In a move towards contemporaneousness, Clause 7 which deals with the notice of gatherings has simply replaced “facsimile numbers” with “cellular phones” and “e-mails” as modes of correspondence recognized by the Bill. The obligation to give notice of public gatherings remains unchanged.
Consultations, etc., re holding of public gatherings are dealt with under section 8 of the Bill. In terms thereof a regulating authority (a senior police officer) is given three days to inform the convener of a demonstration whether or not permission to demonstrate has been granted. The only difference with the foregoing and section 26 of POSA is that the regulating authority could hold the exercise of its discretion ad infinitum. Another variance with section 26 of POSA is the addition of an unintelligible proviso to subsection . At the end of the day the clause is a clone of section 26 of POSA.

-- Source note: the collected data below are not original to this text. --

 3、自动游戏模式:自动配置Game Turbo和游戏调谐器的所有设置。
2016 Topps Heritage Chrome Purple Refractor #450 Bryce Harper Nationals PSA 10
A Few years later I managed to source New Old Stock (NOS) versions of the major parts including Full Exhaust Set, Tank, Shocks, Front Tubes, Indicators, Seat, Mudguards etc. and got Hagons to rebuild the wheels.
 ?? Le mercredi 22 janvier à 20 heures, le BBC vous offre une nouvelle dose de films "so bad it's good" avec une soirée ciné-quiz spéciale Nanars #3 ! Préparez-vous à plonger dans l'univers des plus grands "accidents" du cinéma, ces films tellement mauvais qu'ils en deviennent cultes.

Convenors of a demonstration are inadvertently forced into a scenario where they have to give more than seven days’ notice to the regulating authority in case the regulating authority fears possible disorder and therefore has to invite the convenors to a consultative meeting at least seven days before the demonstration. Consequently, a consultative meeting cannot be held if the regulating authority has withheld its consent where the convenors have given the minimum seven days’ notice or less.
The temporary prohibition of public demonstrations which was enshrined in section 27 of POSA was outlawed by the High Court for being ultra-vires of the supreme law of the land has and not been included in the Bill.

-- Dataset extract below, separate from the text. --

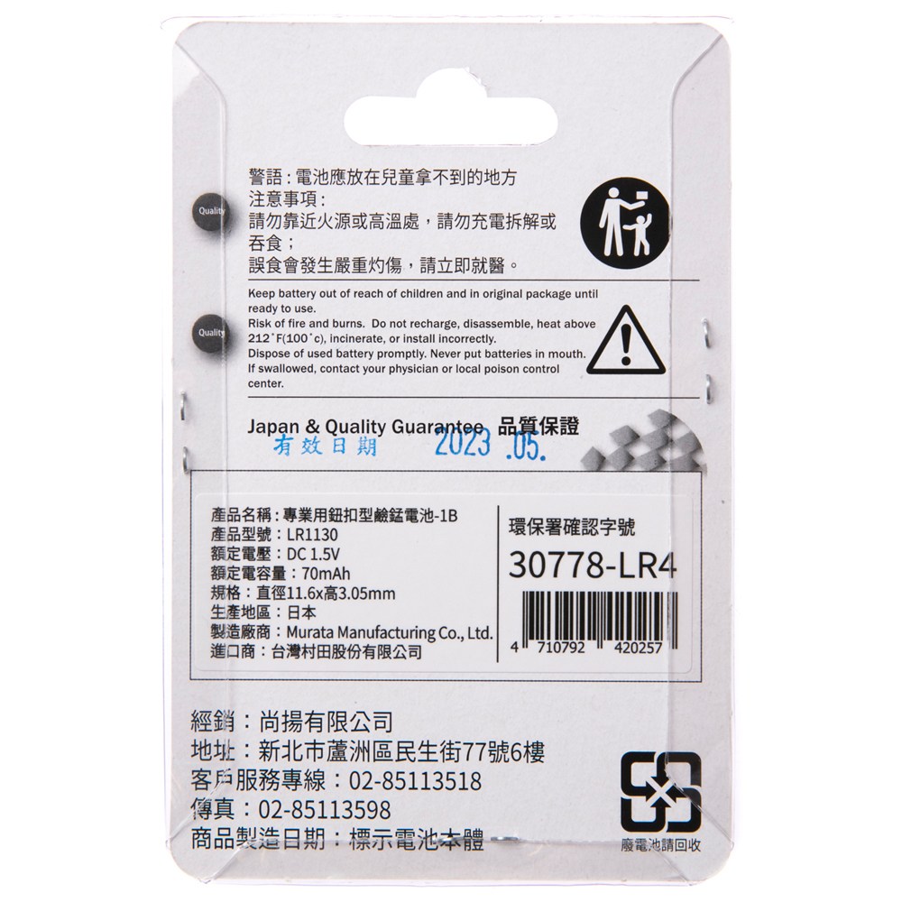 村田電池 LR1130鹼性鈕扣電池單顆 卡裝

A proverbial breath of fresh air is seen in Clause 14 of the Bill which no longer criminalizes a civilian’s failure to produce an identity document when asked by a police officer. The clause is less menacing and it gives a person seven (7) days to produce an identity document at a police station when one fails to produce one upon request by a police officer. Contrariwise, a law which permits the police to arbitrarily stop people and demand their identity documents is unconstitutional because it impedes on the right to freedom of movement. Section 14 of the Bill contains this provision.
Last but not least, section 18 of the Bill cures the constitutional malady in section 37 of POSA by taking away from the Minister of Defence the power to deploy troops to assist the police in quelling public unrest. It restores such power to the President. The section is now intra-vires of section 213 of the Constitution. Further, and in harmony with section 214 of the Constitution, President is indulged to inform Parliament within seven days after deploying the Defence Forces to restore public order.
It is apparent the POSA is very much alive albeit with a different name. MOPA is just as undemocratic as POSA. The amendments are tantamount to applying lipstick to a baboon. In my view, MOPA or POSA should have no space in a democratic narrative. The common law offences pertaining to incitement of violence sufficiently cover the needs of public order relating to freedom of expression. There is clearly a need to remove or substantially overhaul all POSA
and/or MOPA and all other repressive and undemocratic legislation interfering with freedom of assembly and freedom of speech.
There is also a pressing need for a return to impartial policing which will require a radical a change in the ethos of the police. The police force must become a force that performs its duties fairly and professionally. They must no longer apply or misapply the law so as to destroy the democratic right to freedom of assembly and speech.